[Task to complete]: Among the lines below, copy exactly those from the one with "中國剪紙起源于裝飾藝術(sh" through the one with "Throughout the movie", counting both ends.

[Exercise material]:
____

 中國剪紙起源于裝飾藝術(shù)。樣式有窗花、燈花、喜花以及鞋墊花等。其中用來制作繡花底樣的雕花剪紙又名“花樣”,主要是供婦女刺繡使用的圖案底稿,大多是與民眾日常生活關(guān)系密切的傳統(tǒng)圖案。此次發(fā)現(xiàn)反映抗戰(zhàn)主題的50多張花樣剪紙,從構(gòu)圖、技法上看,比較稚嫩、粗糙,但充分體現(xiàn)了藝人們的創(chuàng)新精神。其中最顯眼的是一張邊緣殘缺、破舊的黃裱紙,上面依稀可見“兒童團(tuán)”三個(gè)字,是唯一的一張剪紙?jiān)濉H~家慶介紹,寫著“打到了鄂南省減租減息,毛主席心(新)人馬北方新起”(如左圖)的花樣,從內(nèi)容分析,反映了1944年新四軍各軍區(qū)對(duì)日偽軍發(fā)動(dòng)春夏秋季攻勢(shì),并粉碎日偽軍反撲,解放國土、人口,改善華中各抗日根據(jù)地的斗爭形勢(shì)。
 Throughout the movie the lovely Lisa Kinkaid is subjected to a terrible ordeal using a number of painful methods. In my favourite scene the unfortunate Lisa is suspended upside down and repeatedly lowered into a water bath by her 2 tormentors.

____

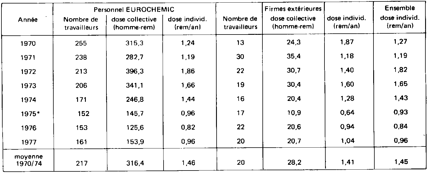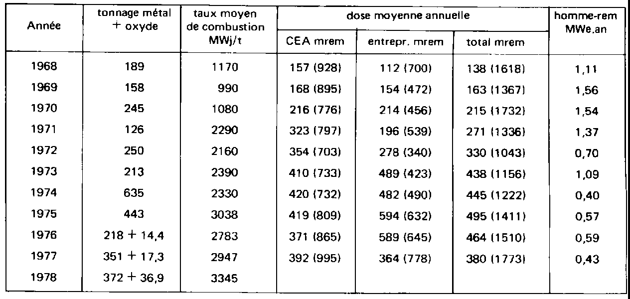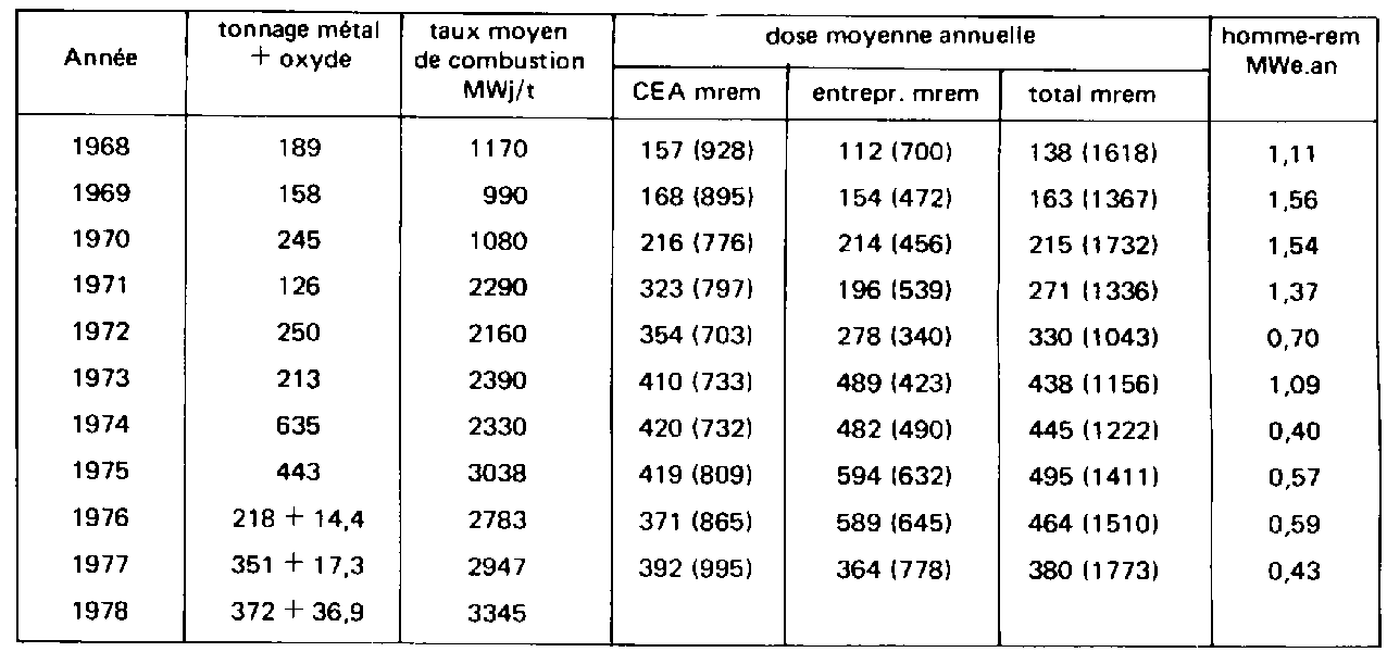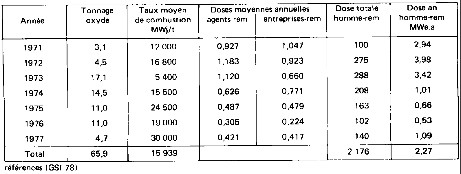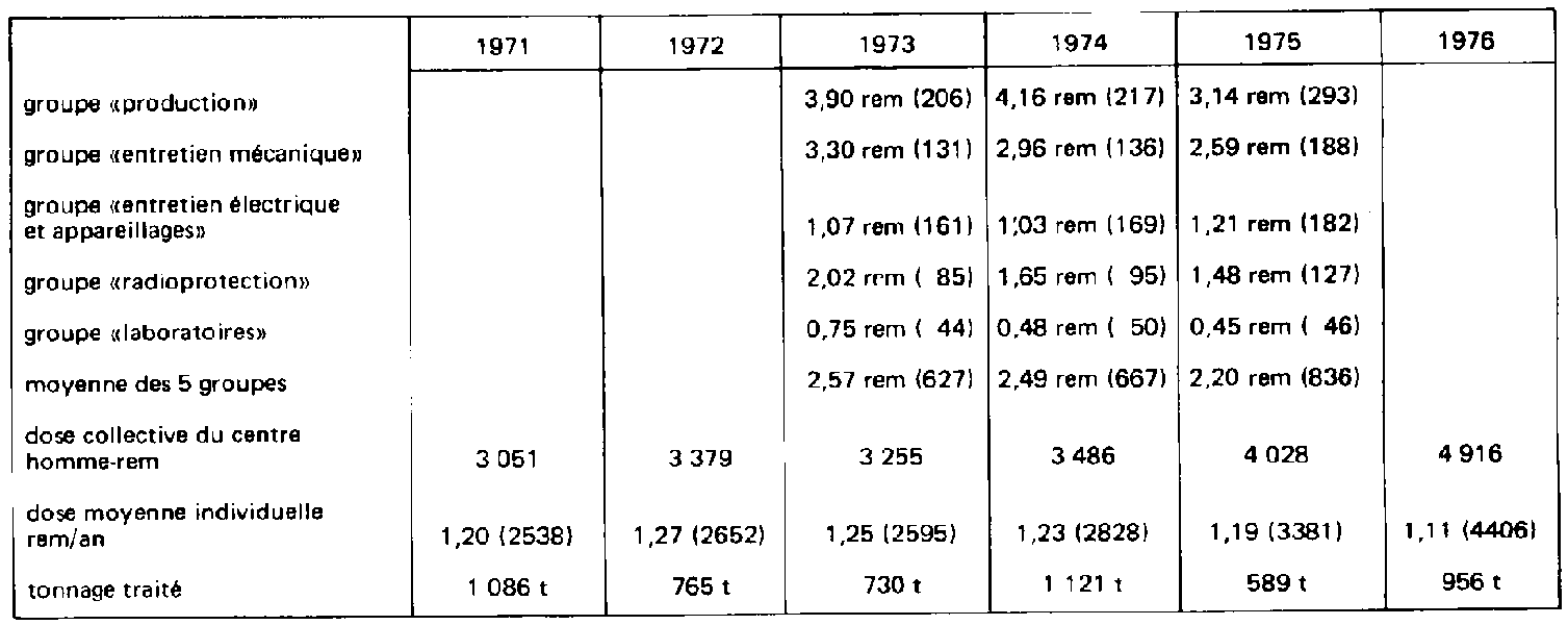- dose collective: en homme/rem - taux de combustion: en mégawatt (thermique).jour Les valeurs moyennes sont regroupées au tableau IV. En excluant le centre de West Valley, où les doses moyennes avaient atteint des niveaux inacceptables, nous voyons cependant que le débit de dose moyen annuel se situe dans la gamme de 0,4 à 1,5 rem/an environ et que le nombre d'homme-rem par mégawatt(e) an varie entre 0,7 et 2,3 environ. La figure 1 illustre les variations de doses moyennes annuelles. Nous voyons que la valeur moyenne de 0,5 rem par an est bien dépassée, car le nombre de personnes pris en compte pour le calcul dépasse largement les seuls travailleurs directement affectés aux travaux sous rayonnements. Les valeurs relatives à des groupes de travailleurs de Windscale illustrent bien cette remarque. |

____

[Answer space]:
 中國剪紙起源于裝飾藝術(shù)。樣式有窗花、燈花、喜花以及鞋墊花等。其中用來制作繡花底樣的雕花剪紙又名“花樣”,主要是供婦女刺繡使用的圖案底稿,大多是與民眾日常生活關(guān)系密切的傳統(tǒng)圖案。此次發(fā)現(xiàn)反映抗戰(zhàn)主題的50多張花樣剪紙,從構(gòu)圖、技法上看,比較稚嫩、粗糙,但充分體現(xiàn)了藝人們的創(chuàng)新精神。其中最顯眼的是一張邊緣殘缺、破舊的黃裱紙,上面依稀可見“兒童團(tuán)”三個(gè)字,是唯一的一張剪紙?jiān)濉H~家慶介紹,寫著“打到了鄂南省減租減息,毛主席心(新)人馬北方新起”(如左圖)的花樣,從內(nèi)容分析,反映了1944年新四軍各軍區(qū)對(duì)日偽軍發(fā)動(dòng)春夏秋季攻勢(shì),并粉碎日偽軍反撲,解放國土、人口,改善華中各抗日根據(jù)地的斗爭形勢(shì)。
 Throughout the movie the lovely Lisa Kinkaid is subjected to a terrible ordeal using a number of painful methods. In my favourite scene the unfortunate Lisa is suspended upside down and repeatedly lowered into a water bath by her 2 tormentors.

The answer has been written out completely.